I am also 31 and have been single for 4 years now. I know what you are talking about (weddings, stupid condescending questions about my love life etc.). But you possibly didn't do anything wrong. Sometimes, life isn't all roses and some good men our age might be in a phase of indecision at the moment.

You can do one of two things: 1) Pity yourself, give up, stay at home and say all good men are taken anyway.. or 2) Become active, spontaneous and playful (and don't make your happiness completely depend on mens' attention).
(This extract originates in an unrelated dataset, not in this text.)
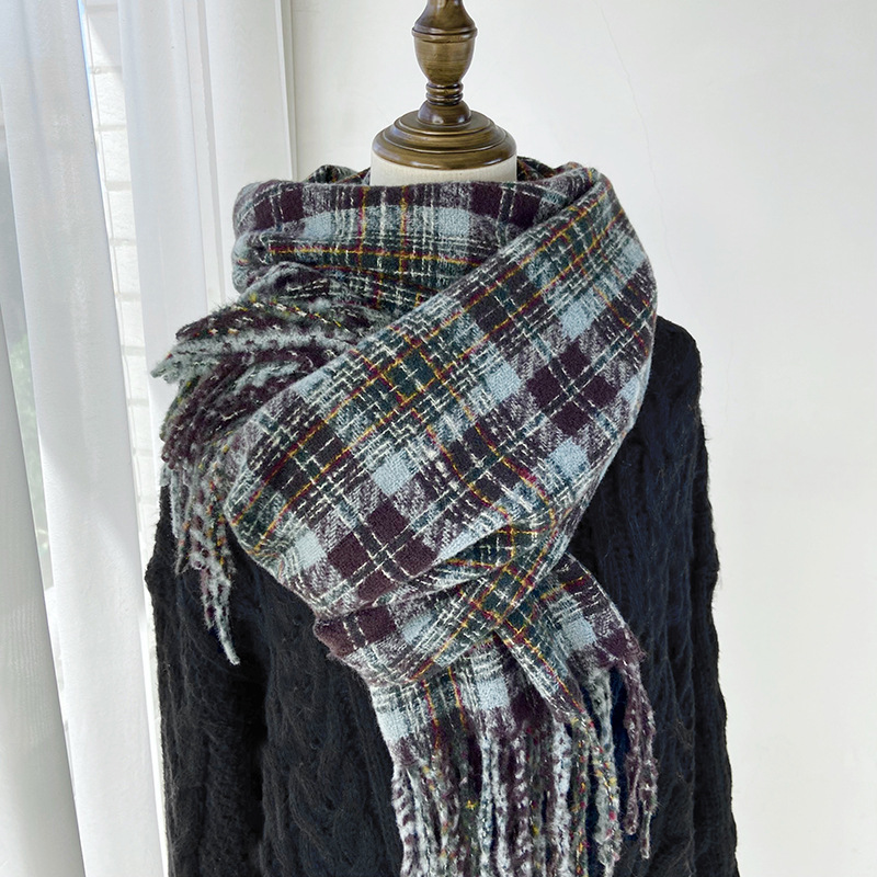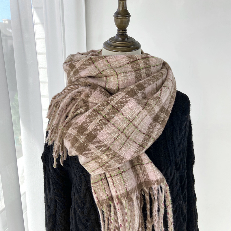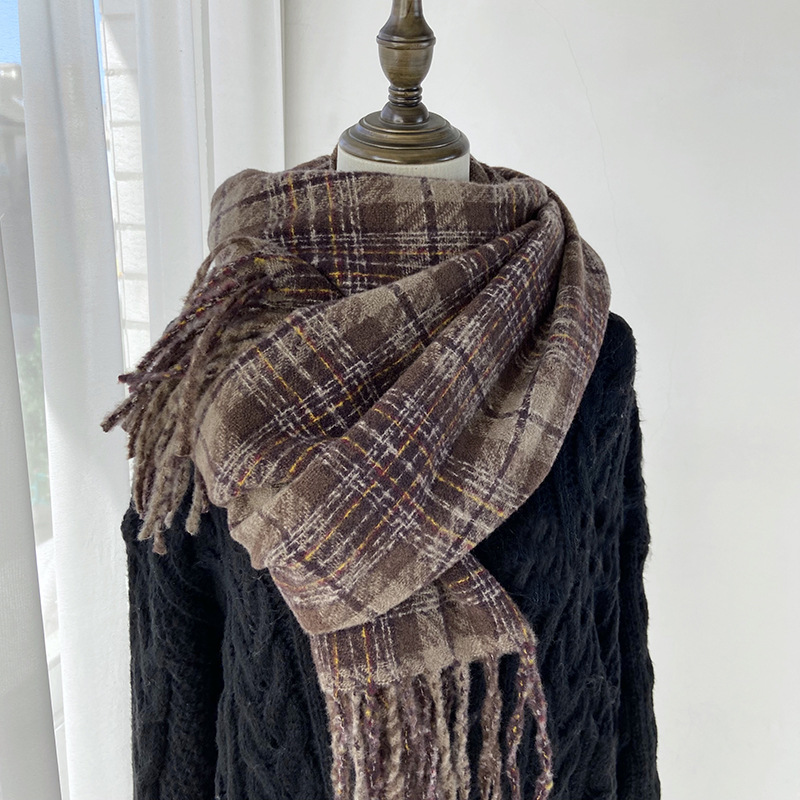Checkered scarf for high-end female lovers, thickened shawl, Korean-style faux cashmere student Maillard, versatile and warm neck
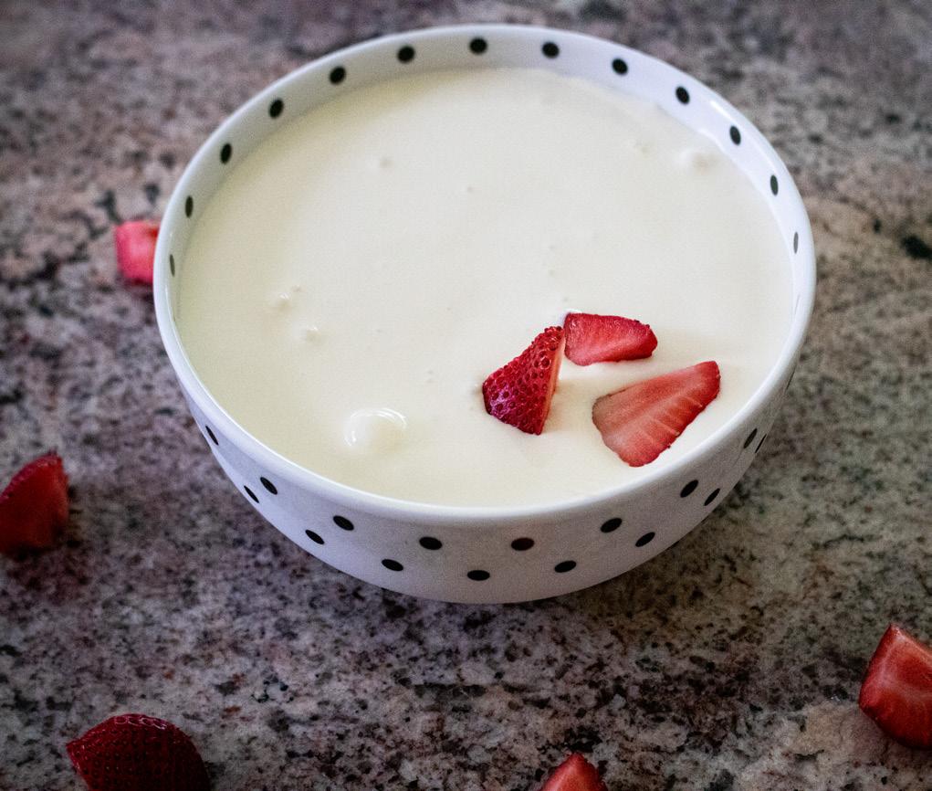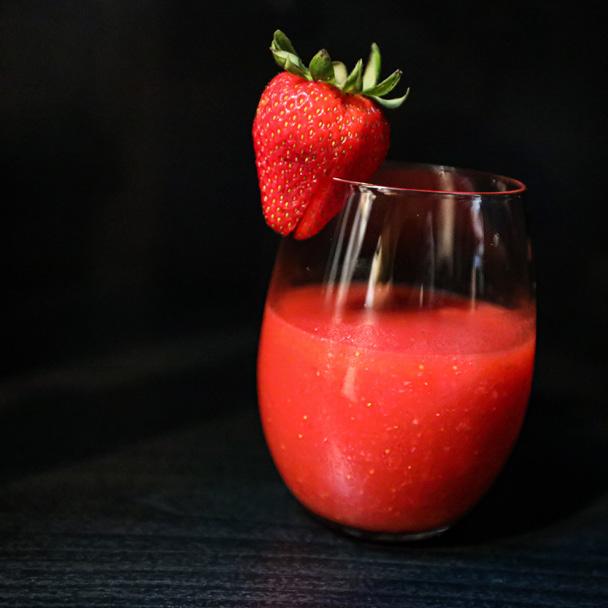 Blend until smooth and divide among 6 tall glasses. Garnish each glass with a strawberry slice.

I am about to give up that whole princess-crap dream. If I like a guy, I tell him and I don't wait for him to swoon me. I am bisexual and I'm not shy to try it with a woman, again. If people annoy me with their pity, I remind myself of the 50% divorce rate and that they might not be so self-righteous a few years from now. I also remind myself of the freedom to become a single mother if I want to.

Bottom line is: YOU are a strong, free woman and you have to fight to make yourself happy. People who are scared of being lonely, who are secretly jealous of your lifestyle or just ignorant will keep on saying stupid things. You can't avoid that but take it with grace and develop witty responses to mindless questions.

I got a special little advice for you: If couples annoy you with their show-off happiness, casually tell them a great story about your last fun weekend ( advice 2: please have some fun at weekends) and then ask them where they like to go out and party nowadays.. usually, there will be instant silence and shameful looks to the ground!

Yes, I am 31 and guess what.. I still have fun while they are stuck on the couch and absorbed in their boring weekend-brunch routine. I rub that in their faces if they become too condescending - it helps :). By the way, it may also work with devoted mothers who won't stop talking about breastfeeding and the joys of motherhood.

Remind people that there's always two sides to every coin and that your "single" life has its' huge advantages. You don't have to hide or justify yourself. You are perfectly fine.